Gosson and Other Puritans.
There was at this very time, living and preaching, in the great city, a certain Stephen Gosson[8]—well-known, doubtless, to Ben Jonson and his fellows—who had received a university education, who had written delicate pastorals and other verse, which—with many people—ranked him with Spenser and Sidney; who had written plays too, but who, somehow conscience-smitten, and having gone over from all dalliance with the muses to extremest Puritanism, did thereafter so inveigh against “Poets, Players, Jesters, and such like Caterpillars of the Commonwealth”—as he called them—as made him rank, for fierce invective, with that Stubbes whose onslaught upon the wickedness of the day I cited. He had called his discourse, “pleasant for Gentlemen that favor Learning, and profitable for all that will follow Vertue.” He represented the Puritan feeling—which was growing in force—in respect to poetry and the drama; and, I have no doubt, regarded Mr. William Shakespeare as one of the best loved and trusted emissaries of Satan.

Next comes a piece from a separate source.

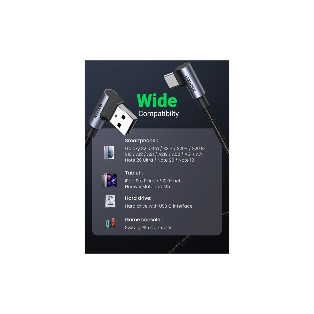Дата кабель USB 2.0 AM to Type-C 1.0m US176 Both Angled 3A (Black) Ugreen (20856)

But between the rigid sectarians and those of easy-going faith who were wont to meet at the Mermaid Tavern, there was a third range of thinking and of thinkers;—not believing all poetry and poets Satanic, and yet not neglectful of the offices of Christianity. The King himself would have ranked with these; and so also would the dignitaries of that English Church of which he counted himself, in some sense, the head. It was in the first year of his reign, 1603—he having passed a good part of the summer in hunting up and down through the near counties—partly from his old love of such things, partly to be out of reach of the plague which ravaged London that year (carrying off over thirty thousand people); it was, I say, in that first year that, at the instance of some good Anglicans, he issued a proclamation—“Touching a meeting for the hearing and for the determining things pretended to be amiss in the Church.”
Out of this grew a conference at Hampton Court, in January, 1604. Twenty-five were called to that gathering, of whom nine were Bishops. On no one day were they all present; nor did there seem promise of any great outcome from this assemblage, till one Rainolds, a famous Greek scholar of Oxford, “moved his Majesty that there might be a new translation of the Bible, because previous ones were not answerable altogether to the truth of the Original.”